▶ _Provided records_
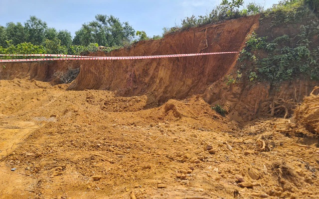 Cơ quan chức năng giăng dây tại khu vực phát hiện khai thác đất trái phép.
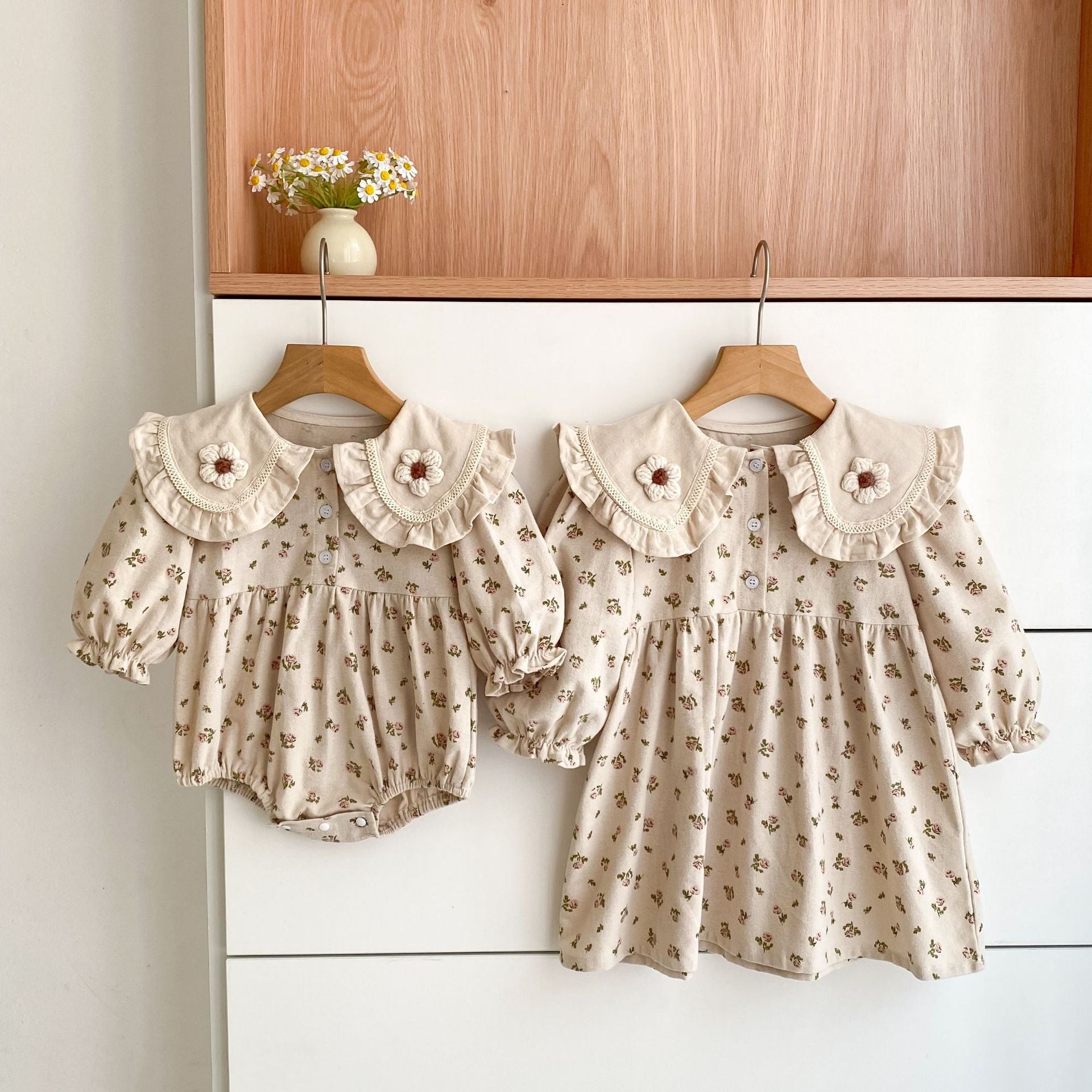 Introduce your little ones to effortless style with this charming floral matching set. Featuring delicate spring and autumn flower patterns, the turn-down collar design adds a touch of classic elegance perfect for sisters. The coordinated onesie and dress combination makes dressing your children a breeze while keeping them looking picture-perfect. Soft, comfortable fabrics ensure all-day wear, whether for playdates, family gatherings, or special occasions. Create those precious matching moments that make childhood memories unforgettable.
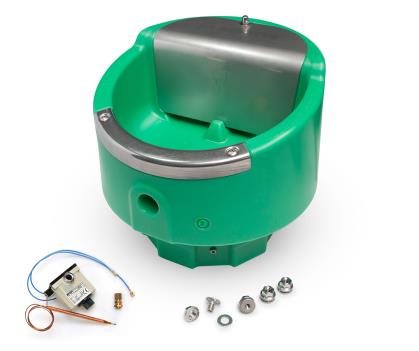 Bigcho 2 med svømmer og elopvarmning (50W/24V) sikrer frostfri vandforsyning med stabil vandstand og driftssikker funktion i stalden.
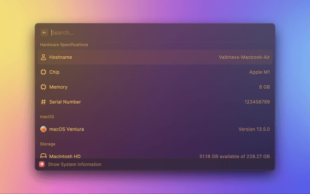 Get quick access to your system information so that you never have to open System Settings! You can access the following:
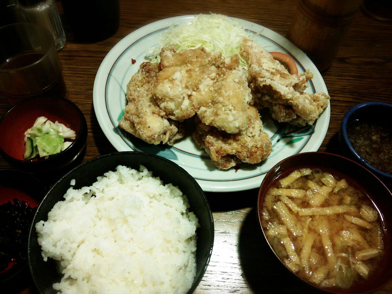 キャベツ、唐揚げ、ご飯、唐揚げ、味噌汁、ご飯、唐揚げ、漬物…で気付けば食べ終わってました。
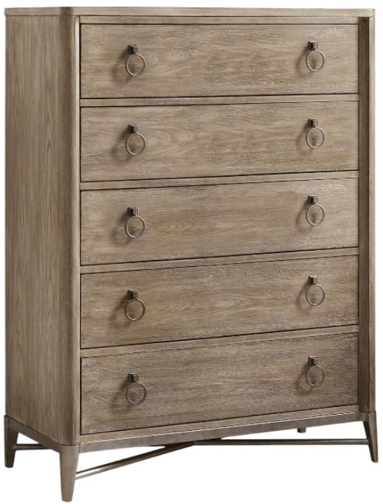 The Riverside Furniture Sophie Natural Chest is a stylish piece made from hardwood solids and oak veneers. It features clean lines, a natural finish, and five drawers with dovetail joinery, offering both durability and ample storage space.Read More
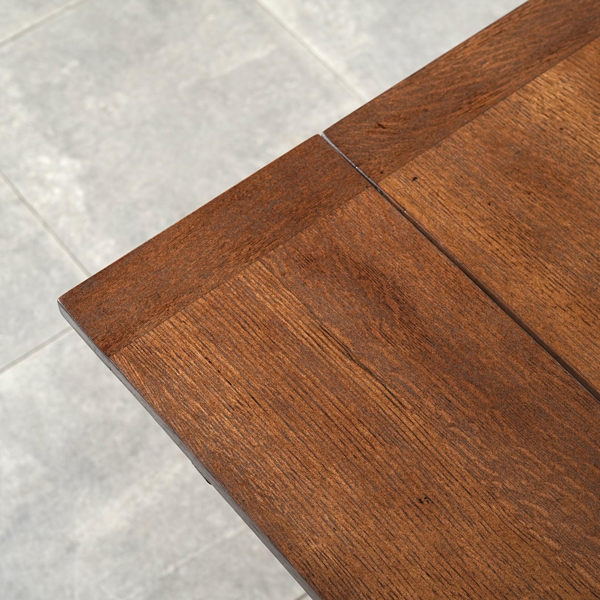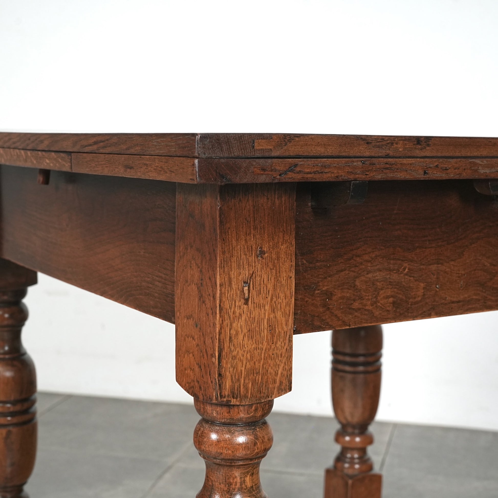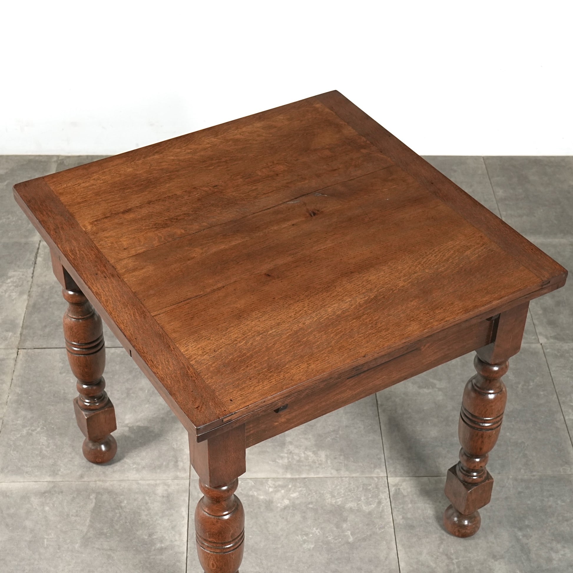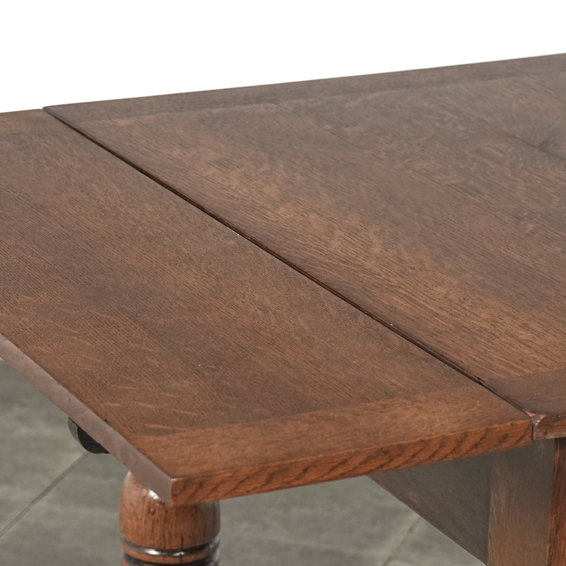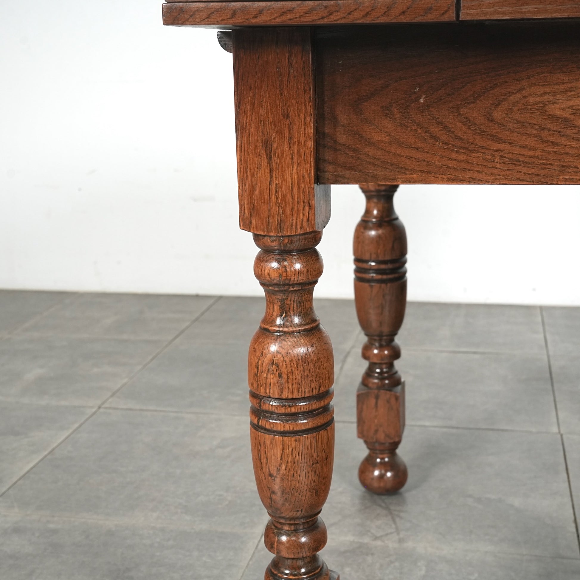 英国アンティークらしい良質なオーク材の木目と質感が見事で、脚部の美しい挽物細工は主張しすぎない絶妙なバランス。
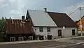 1936 | Traditional synagogue architecture with expressionist elements. The building is not oriented strictly from west to east, but from southwest to northeast. It is 11.85 m long and 7.88 m wide, the outer walls are 6.95 m high. In addition to the traditional synagogue architecture, expressionist elements such as an asymmetrically arranged tower on the southwest corner to highlight the main entrance, high, pointed windows and dormers on the hipped roof were used. There were two stars of David on the tower. The single-story main room was to the southeast; in the northwest there was a two-story construction with three rooms on the ground floor (anteroom to the men's bed room, the staircase to the women's bed room above and a heated room in between). There were separate entrances and smaller square windows. The building had eight large windows: three each on the long sides and two in the southeast, between which the Torah shrine stood. The bima was in the center of the room (slightly offset to the rear). Rows of seats were arranged next to the bima and between the bima and the Torah shrine. When it was converted into a warehouse, the windows were closed with boards, the interior was destroyed and a large gate was added in the southeast.[17] After the Second World War it was used as a warehouse for a long time (after renovations) and has been empty since the 1990s. The synagogue has been restored since 2019. | |

▶ _Instructions for the task_
Begin at the first line of the material and copy each line exactly through the one containing "英国アンティークらしい良質な". Omit pictures.

▶ _Output_
 Cơ quan chức năng giăng dây tại khu vực phát hiện khai thác đất trái phép.
 Introduce your little ones to effortless style with this charming floral matching set. Featuring delicate spring and autumn flower patterns, the turn-down collar design adds a touch of classic elegance perfect for sisters. The coordinated onesie and dress combination makes dressing your children a breeze while keeping them looking picture-perfect. Soft, comfortable fabrics ensure all-day wear, whether for playdates, family gatherings, or special occasions. Create those precious matching moments that make childhood memories unforgettable.
 Bigcho 2 med svømmer og elopvarmning (50W/24V) sikrer frostfri vandforsyning med stabil vandstand og driftssikker funktion i stalden.
 Get quick access to your system information so that you never have to open System Settings! You can access the following:
 キャベツ、唐揚げ、ご飯、唐揚げ、味噌汁、ご飯、唐揚げ、漬物…で気付けば食べ終わってました。
 The Riverside Furniture Sophie Natural Chest is a stylish piece made from hardwood solids and oak veneers. It features clean lines, a natural finish, and five drawers with dovetail joinery, offering both durability and ample storage space.Read More
 英国アンティークらしい良質なオーク材の木目と質感が見事で、脚部の美しい挽物細工は主張しすぎない絶妙なバランス。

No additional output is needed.